Overall SI aims to improve several traits concomitantly and, besides the interaction between trait x index, it is necessary to define a method that provides the maximum or the desired genetic gains for all traits, at least in this targeted case. Hence, we sum up the response to selection per method across all traits. There were significant differences among the method, where the SH outperformed the others in terms of total genetic gains across all traits (µ = 15.76), followed by MT (µ = 15.34), and PB (µ = 15.15) (Fig. 3). Furthermore, SH also outperformed others in the total balanced gain (µ = 9.88), followed by Culling (µ = 7.69), and MT (µ = 5.72) (Fig. 4). Conversely, our proposed method, SH_optim, was the worst concerning the total genetic gain (µ = 14.22) and total balanced gain (µ = 3.63). The “super” optimized weights might create this inferiority for traits based on the dataset of the first breeding cycle, which shows not work in long-term breeding.
Theoretically, SI methods are more effective than the Independent Culling (Hazel and Lush 1942), and this has been confirmed based on our results, other authors working with simulated experiments (Batista et al. 2021), and empirical data (Elgin et al. 1970). In literature, it has been described that the Pešek and Baker index, when defined in terms of the genetic covariances among traits and the desired gain based on genetic standard deviations, outperformed other methods. It was not the case in the present study but was in others such as the Smith-Hazel selecting energy cane clones with good fiber, sucrose, and cane yield in tons per hectare (de Azeredo et al. 2017) or the independent Culling for protein content among families with above-average oil concentration levels (Openshaw and Hadley 1984). The lack of consistency in the PB across different studies is probably due to defining the desired genetic gains and matching them with the genetic variability available in the population and the constraints generated by the genetic correlations among the target traits.

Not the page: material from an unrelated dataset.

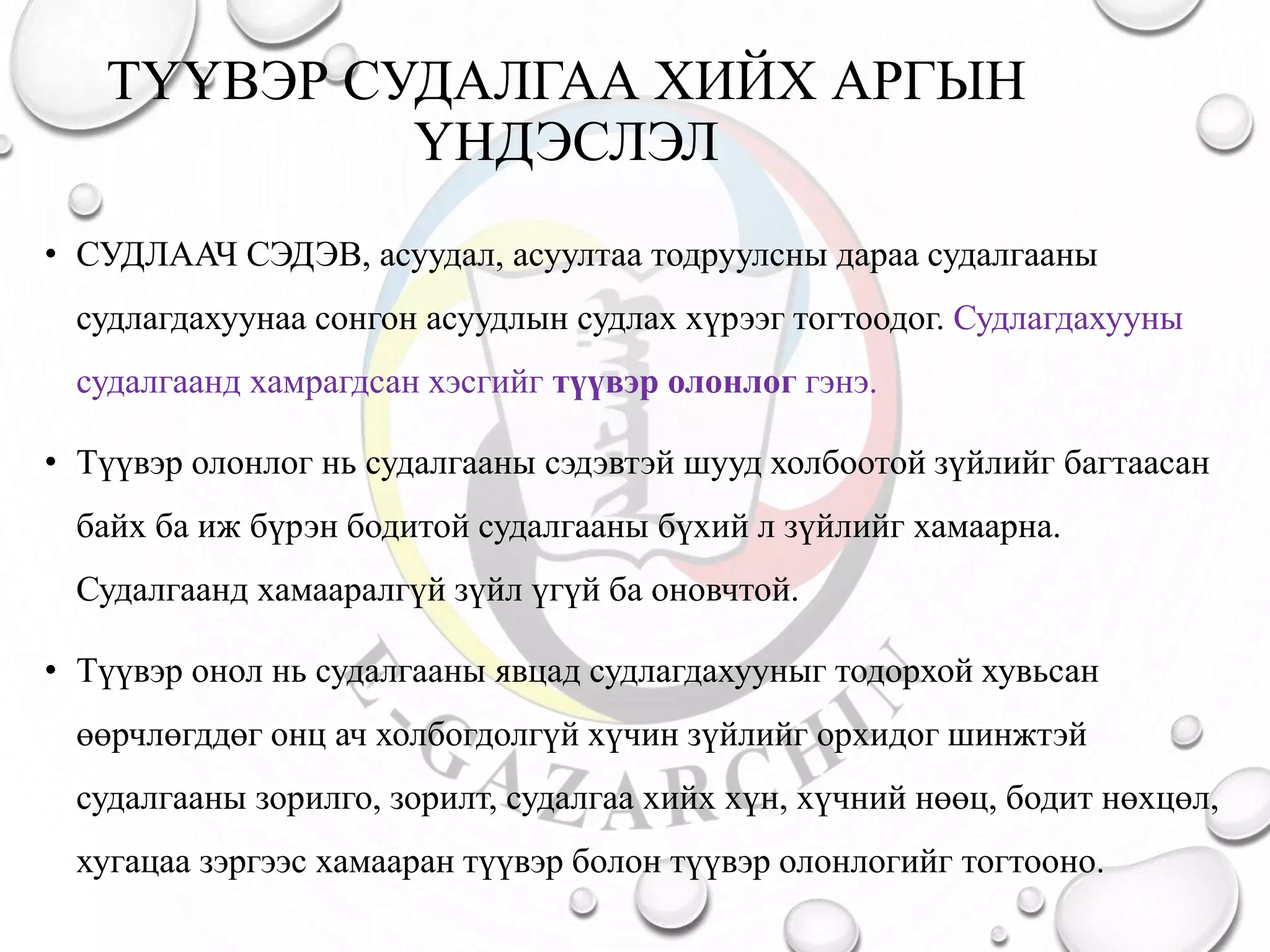 ТҮҮВЭР СУДАЛГАА ХИЙХАРГЫН

Therefore, more stable methods such as SH are prone to provide better genetic gains (total and balanced) in a wide range of scenarios. The main reason is that it maximizes the genetic gains for all traits, balancing the weight of each trait by their heritability (Smith 1936; Hazel 1943), which is closely related to the accuracy and the genetic variability available for selection.
Finally, it is possible to conclude that SI is a key factor in the multi-trait response to selection in long-term breeding programs. Among the options, our results showed that the traditional Smith and Hazel approach outperformed other methods for the total and balanced response to selection for important traits in a tropical corn haploid inducer breeding population.